**Data for analysis**
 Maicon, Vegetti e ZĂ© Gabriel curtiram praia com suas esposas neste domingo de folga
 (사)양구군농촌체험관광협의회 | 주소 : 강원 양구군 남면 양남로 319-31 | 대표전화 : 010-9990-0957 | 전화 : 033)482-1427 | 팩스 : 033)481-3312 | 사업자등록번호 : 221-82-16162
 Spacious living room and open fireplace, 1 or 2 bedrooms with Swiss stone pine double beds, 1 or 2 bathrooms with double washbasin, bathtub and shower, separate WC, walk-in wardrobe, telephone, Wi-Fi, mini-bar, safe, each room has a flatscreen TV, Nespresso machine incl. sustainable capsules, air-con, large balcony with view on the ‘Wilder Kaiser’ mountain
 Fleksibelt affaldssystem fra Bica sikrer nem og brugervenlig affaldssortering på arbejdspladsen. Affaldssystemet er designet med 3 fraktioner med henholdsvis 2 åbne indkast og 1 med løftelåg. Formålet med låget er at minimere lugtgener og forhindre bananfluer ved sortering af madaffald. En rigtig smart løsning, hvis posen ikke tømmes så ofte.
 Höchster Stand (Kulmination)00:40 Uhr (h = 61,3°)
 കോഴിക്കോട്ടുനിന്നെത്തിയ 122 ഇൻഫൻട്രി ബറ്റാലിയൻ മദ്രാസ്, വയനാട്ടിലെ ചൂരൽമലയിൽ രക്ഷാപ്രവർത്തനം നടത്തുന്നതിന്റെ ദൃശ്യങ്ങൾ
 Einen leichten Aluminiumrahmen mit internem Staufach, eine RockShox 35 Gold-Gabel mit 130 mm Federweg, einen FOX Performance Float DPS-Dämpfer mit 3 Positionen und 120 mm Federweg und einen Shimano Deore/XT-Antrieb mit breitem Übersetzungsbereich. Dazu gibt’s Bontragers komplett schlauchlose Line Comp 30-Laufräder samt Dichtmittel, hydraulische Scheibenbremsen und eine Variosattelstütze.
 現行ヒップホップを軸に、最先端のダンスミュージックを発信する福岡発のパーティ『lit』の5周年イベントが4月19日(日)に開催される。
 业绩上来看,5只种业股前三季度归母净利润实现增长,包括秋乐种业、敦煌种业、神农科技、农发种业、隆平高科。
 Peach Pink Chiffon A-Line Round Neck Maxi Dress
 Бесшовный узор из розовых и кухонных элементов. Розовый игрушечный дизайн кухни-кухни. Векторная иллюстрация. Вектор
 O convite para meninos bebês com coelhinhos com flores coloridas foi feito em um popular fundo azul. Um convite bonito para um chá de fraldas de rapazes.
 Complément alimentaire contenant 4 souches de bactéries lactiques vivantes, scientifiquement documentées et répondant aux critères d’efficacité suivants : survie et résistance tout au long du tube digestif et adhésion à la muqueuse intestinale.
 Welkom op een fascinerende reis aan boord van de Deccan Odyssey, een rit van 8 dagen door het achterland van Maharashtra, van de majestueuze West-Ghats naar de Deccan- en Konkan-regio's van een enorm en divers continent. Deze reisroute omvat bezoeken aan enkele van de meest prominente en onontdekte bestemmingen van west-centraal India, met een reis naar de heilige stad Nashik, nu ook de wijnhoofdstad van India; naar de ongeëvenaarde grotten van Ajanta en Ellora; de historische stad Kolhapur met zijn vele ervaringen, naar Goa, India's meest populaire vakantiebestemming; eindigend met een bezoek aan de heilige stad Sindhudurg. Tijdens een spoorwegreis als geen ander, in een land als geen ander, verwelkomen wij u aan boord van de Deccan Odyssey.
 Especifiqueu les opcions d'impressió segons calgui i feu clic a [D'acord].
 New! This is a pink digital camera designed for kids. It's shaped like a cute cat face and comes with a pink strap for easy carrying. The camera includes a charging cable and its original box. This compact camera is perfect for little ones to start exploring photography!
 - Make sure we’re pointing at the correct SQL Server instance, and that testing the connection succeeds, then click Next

**Your instructions**
Each line above should be output exactly as written.

**Reply**
 Maicon, Vegetti e ZĂ© Gabriel curtiram praia com suas esposas neste domingo de folga
 (사)양구군농촌체험관광협의회 | 주소 : 강원 양구군 남면 양남로 319-31 | 대표전화 : 010-9990-0957 | 전화 : 033)482-1427 | 팩스 : 033)481-3312 | 사업자등록번호 : 221-82-16162
 Spacious living room and open fireplace, 1 or 2 bedrooms with Swiss stone pine double beds, 1 or 2 bathrooms with double washbasin, bathtub and shower, separate WC, walk-in wardrobe, telephone, Wi-Fi, mini-bar, safe, each room has a flatscreen TV, Nespresso machine incl. sustainable capsules, air-con, large balcony with view on the ‘Wilder Kaiser’ mountain
 Fleksibelt affaldssystem fra Bica sikrer nem og brugervenlig affaldssortering på arbejdspladsen. Affaldssystemet er designet med 3 fraktioner med henholdsvis 2 åbne indkast og 1 med løftelåg. Formålet med låget er at minimere lugtgener og forhindre bananfluer ved sortering af madaffald. En rigtig smart løsning, hvis posen ikke tømmes så ofte.
 Höchster Stand (Kulmination)00:40 Uhr (h = 61,3°)
 കോഴിക്കോട്ടുനിന്നെത്തിയ 122 ഇൻഫൻട്രി ബറ്റാലിയൻ മദ്രാസ്, വയനാട്ടിലെ ചൂരൽമലയിൽ രക്ഷാപ്രവർത്തനം നടത്തുന്നതിന്റെ ദൃശ്യങ്ങൾ
 Einen leichten Aluminiumrahmen mit internem Staufach, eine RockShox 35 Gold-Gabel mit 130 mm Federweg, einen FOX Performance Float DPS-Dämpfer mit 3 Positionen und 120 mm Federweg und einen Shimano Deore/XT-Antrieb mit breitem Übersetzungsbereich. Dazu gibt’s Bontragers komplett schlauchlose Line Comp 30-Laufräder samt Dichtmittel, hydraulische Scheibenbremsen und eine Variosattelstütze.
 現行ヒップホップを軸に、最先端のダンスミュージックを発信する福岡発のパーティ『lit』の5周年イベントが4月19日(日)に開催される。
 业绩上来看,5只种业股前三季度归母净利润实现增长,包括秋乐种业、敦煌种业、神农科技、农发种业、隆平高科。
 Peach Pink Chiffon A-Line Round Neck Maxi Dress
 Бесшовный узор из розовых и кухонных элементов. Розовый игрушечный дизайн кухни-кухни. Векторная иллюстрация. Вектор
 O convite para meninos bebês com coelhinhos com flores coloridas foi feito em um popular fundo azul. Um convite bonito para um chá de fraldas de rapazes.
 Complément alimentaire contenant 4 souches de bactéries lactiques vivantes, scientifiquement documentées et répondant aux critères d’efficacité suivants : survie et résistance tout au long du tube digestif et adhésion à la muqueuse intestinale.
 Welkom op een fascinerende reis aan boord van de Deccan Odyssey, een rit van 8 dagen door het achterland van Maharashtra, van de majestueuze West-Ghats naar de Deccan- en Konkan-regio's van een enorm en divers continent. Deze reisroute omvat bezoeken aan enkele van de meest prominente en onontdekte bestemmingen van west-centraal India, met een reis naar de heilige stad Nashik, nu ook de wijnhoofdstad van India; naar de ongeëvenaarde grotten van Ajanta en Ellora; de historische stad Kolhapur met zijn vele ervaringen, naar Goa, India's meest populaire vakantiebestemming; eindigend met een bezoek aan de heilige stad Sindhudurg. Tijdens een spoorwegreis als geen ander, in een land als geen ander, verwelkomen wij u aan boord van de Deccan Odyssey.
 Especifiqueu les opcions d'impressió segons calgui i feu clic a [D'acord].
 New! This is a pink digital camera designed for kids. It's shaped like a cute cat face and comes with a pink strap for easy carrying. The camera includes a charging cable and its original box. This compact camera is perfect for little ones to start exploring photography!
 - Make sure we’re pointing at the correct SQL Server instance, and that testing the connection succeeds, then click Next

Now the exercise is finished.